By Andrew Chow, Esq. on June 21, 2012 | Last updated on March 21, 2019

Owners of a Connecticut ski slope cannot be held liable in a ski injury lawsuit that sought damages for a teenager's paralysis, a state appellate court has ruled.

James Malaguit of Brewster, N.Y., was hurt in a ski jump accident at New Hartford, Conn.'s Ski Sundown in 2006, when he was 15. Malaguit suffered spinal cord injuries and is now a quadriplegic, the local Republican American reports.

Malaguit sued Ski Sundown Inc., but lost his lawsuit in 2010. The paralyzed man appealed the jury's verdict, but a court let it stand, agreeing that Malaguit was at least partly to blame.

James Malaguit's ski injury lawsuit alleged Ski Sundown Inc. was negligent in building and maintaining the Connecticut snow jump, the Associated Press reports.

Jurors, however, sided with Ski Sundown, which argued Malaguit assumed the risk of injury. That's a common defense against negligence, when an injury victim knows of the risks involved in a dangerous activity and chooses to engage in the activity anyway.

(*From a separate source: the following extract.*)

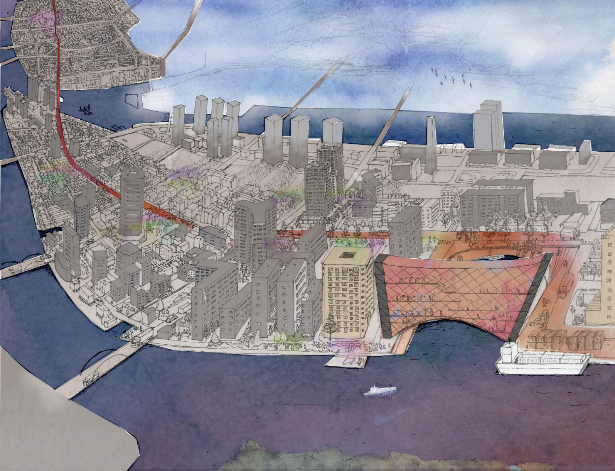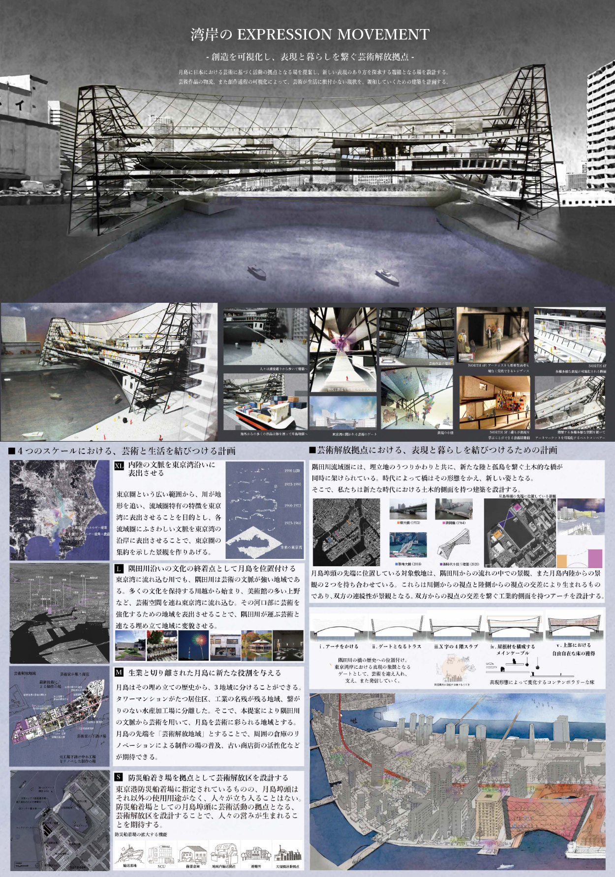 本計画では東京の芸術文化の結節点となる月島に日本における芸術に基づくあらゆる活動の拠点となる場を提案し、日本における新しい表現のあり方を探求する端緒となる場を設計する。

Lawyers for Ski Sundown also argued Malaguit's own negligence caused his injuries, according to the AP.

Under Connecticut law, a jury award can be reduced if an injury victim's own negligence contributed to the accident. But if a victim's negligence is greater than the combined negligence of all the defendants, the victim is barred from receiving any award for his injury claims.

In James Malaguit's ski injury lawsuit appeal, his lawyer sought to get the 2010 verdict set aside. That's generally allowed in certain situations, like if a judge gave flawed jury instructions. But the appellate judge rejected the set-aside request and upheld the jury's verdict. Malaguit may appeal to the Connecticut Supreme Court.